Avant cette intervention, soufflant le chaud et le froid comme M. Trump en a coutume, les marchés avaient cédé à regain d'optimisme sur un possible règlement, avec un recul des cours du pétrole.

Dans le même temps, l'accès à internet a été en partie rétabli en Iran après une coupure de près de trois mois, lançant un signal de détente mais sans enthousiasmer les Iraniens au vu des restrictions maintenues.

Si les armes se sont quasiment tues depuis le 8 avril après plus d'un mois de frappes israélo-américaines qui ont fait des milliers de morts, les négociations sont laborieuses, et le détroit d'Ormuz reste verrouillé par l'Iran, ce qui fait flamber les prix de l'or noir et vaciller l'économie mondiale.

"Des frappes ce soir?" 

Dans ce contexte, des Iraniens témoignent de leur désarroi.

"J'ai l'impression que rien n'est encore certain, même si le cessez-le-feu est toujours en vigueur et qu'il est question d'un possible accord. On se demande tous les jours: y aura-t-il des frappes de missiles ce soir?", dit à l'AFP Amir, un développeur de logiciel de 27 ans dans la capitale iranienne.
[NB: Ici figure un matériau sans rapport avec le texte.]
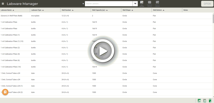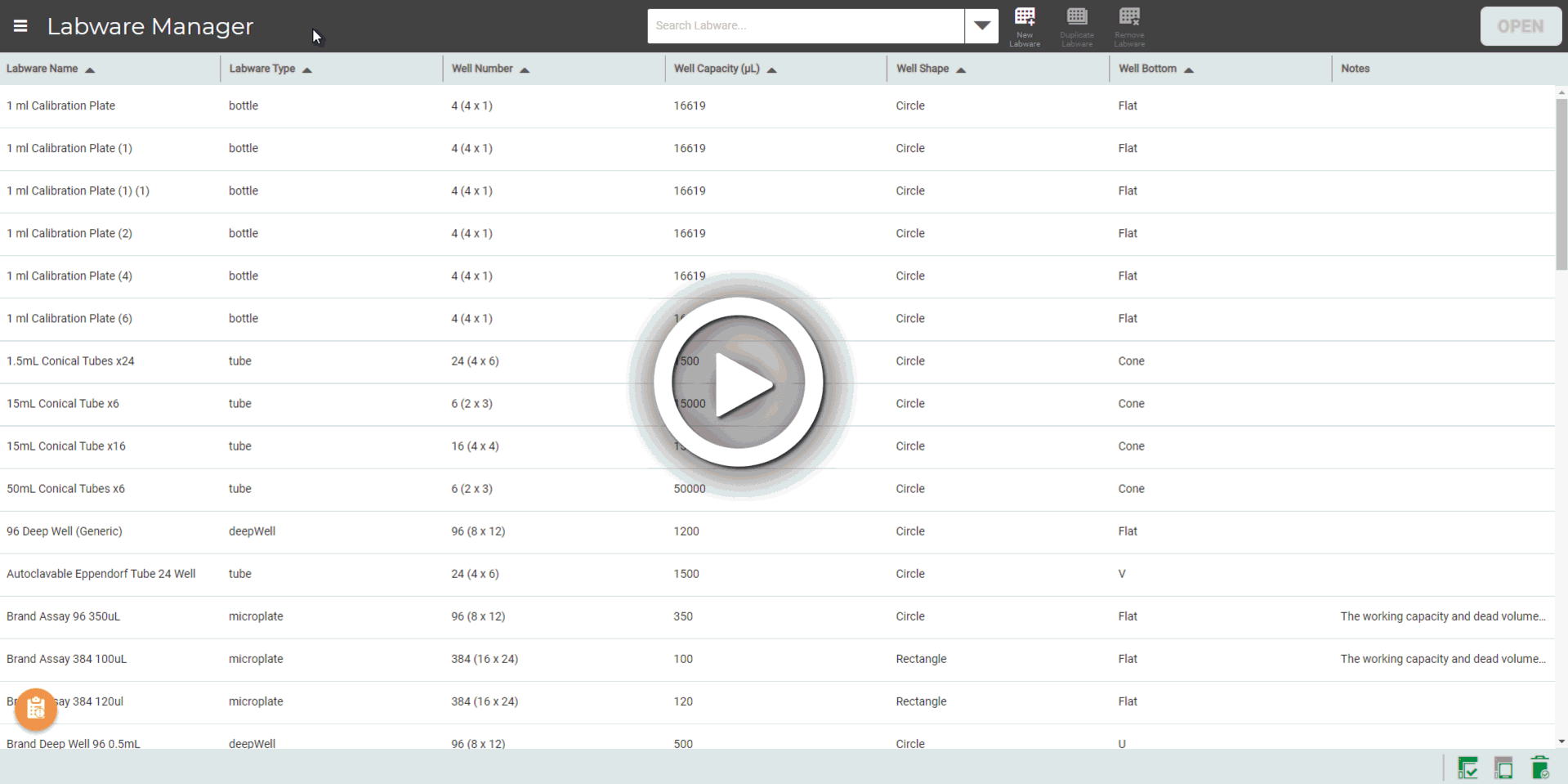 The Duplicate Labware menu is used to duplicate non-generic labware along with its details and specifications. The steps are available below.

Les Gardiens de la Révolution ont cependant jugé la probabilité d'une reprise de la guerre "faible en raison de la faiblesse de l'ennemi". Mais "les forces armées se tiennent en alerte", a prévenu Mohammad Akbarzadeh, un haut responsable des forces navales cité par l'agence de presse Tasnim.

Selon le ministère iranien du Renseignement, les Etats-Unis et Israël ont raté, avec leur attaque lancée le 28 février, leur "objectif de renverser et de diviser le pays", mais poursuivent désormais ce but "par d'autres moyens".
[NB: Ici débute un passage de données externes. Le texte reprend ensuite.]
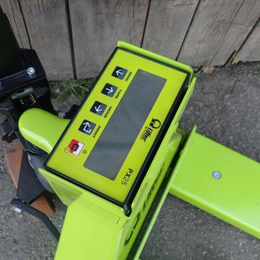 mit Tandemrollen, Hubkraft 2500 kg, alle Rollen aus Polyruethan, mit Waage, 4 Wiegezellen sorgen für eine ausgeglichene, genaue Gewichtsangabe, 6-stellige LCD-Anzeige, mit 4 Standardbatterien AA

La veille, Téhéran avait accusé Washington d'avoir violé le cessez-le-feu dans le sud du pays, après l'annonce américaine de frappes nocturnes sur des sites de lancement de missiles.

L'Iran n'a pas officiellement confirmé l'information, mais les médias d'Etat ont rapporté des explosions dans la ville portuaire de Bandar Abbas.

Accès aux avoirs 

Mercredi, les cours du pétrole ont plongé: vers 15H45 GMT (17H45 à Paris), le cours du baril de Brent de la mer du Nord, référence mondiale, perdait 3,94% à 96,10 dollars.

"Il subsiste un air d'optimisme prudent quant à la signature et aux détails d'un protocole d'accord (MoU)", commente Chris Weston, responsable de la recherche chez le courtier Pepperstone.

L'agence iranienne Isna a fait état de "négociations globalement positives" après la visite de hauts responsables iraniens au Qatar, une première depuis le début des hostilités marquées par des tirs de représailles iraniens sur ses voisins du Golfe.

L'enjeu était de discuter des "modalités d'accès" aux fonds gelés à l'étranger, dont une partie au Qatar, en raison des sanctions américaines. Téhéran exige le déblocage de 24 milliards d'avoirs, "avec mise à disposition de la moitié dès l'annonce du protocole d'accord", selon Isna.

C'est un des principaux points de contentieux, aux côtés du volet nucléaire que l'Iran souhaite aborder dans un second temps.

"Totale invention" 

Les Etats-Unis réclament la destruction de son stock d'uranium hautement enrichi, dont le sort est incertain. Téhéran dément de son côté vouloir se doter de la bombe atomique.

La télévision iranienne a fait état mercredi d'une ébauche du protocole d'accord en discussion, prévoyant notamment selon elle un engagement des Etats-Unis à lever leur blocus des ports iraniens en contrepartie du rétablissement du trafic commercial dans le détroit d'Ormuz, par où transite en temps normal un cinquième du pétrole brut et du gaz naturel liquéfié consommés dans le monde.

"Cette information des médias d'Etat iraniens n'est pas vraie et le projet d'accord-cadre (...) est une totale invention", a réagi la Maison Blanche.

Mercredi, les Gardiens de la Révolution ont insisté sur le fait que seuls les navires "prêts à se conformer aux ordres iraniens" seraient autorisés à passer le détroit, selon la télévision d'Etat.

Sur l'autre front du conflit, au Liban - dont Téhéran réclame l'inclusion dans tout accord de paix - Israël intensifie ses raids aériens et opérations terrestres contre le Hezbollah pro-iranien, qui poursuit aussi ses attaques, malgré un cessez-le-feu théoriquement en vigueur depuis le 17 avril.

L'armée israélienne a averti dans la soirée qu'elle considérait comme une "zone de combat" tout le territoire libanais situé au sud du fleuve Zahrani, à une quarantaine de kilomètres de la frontière entre les deux pays, appelant à son évacuation.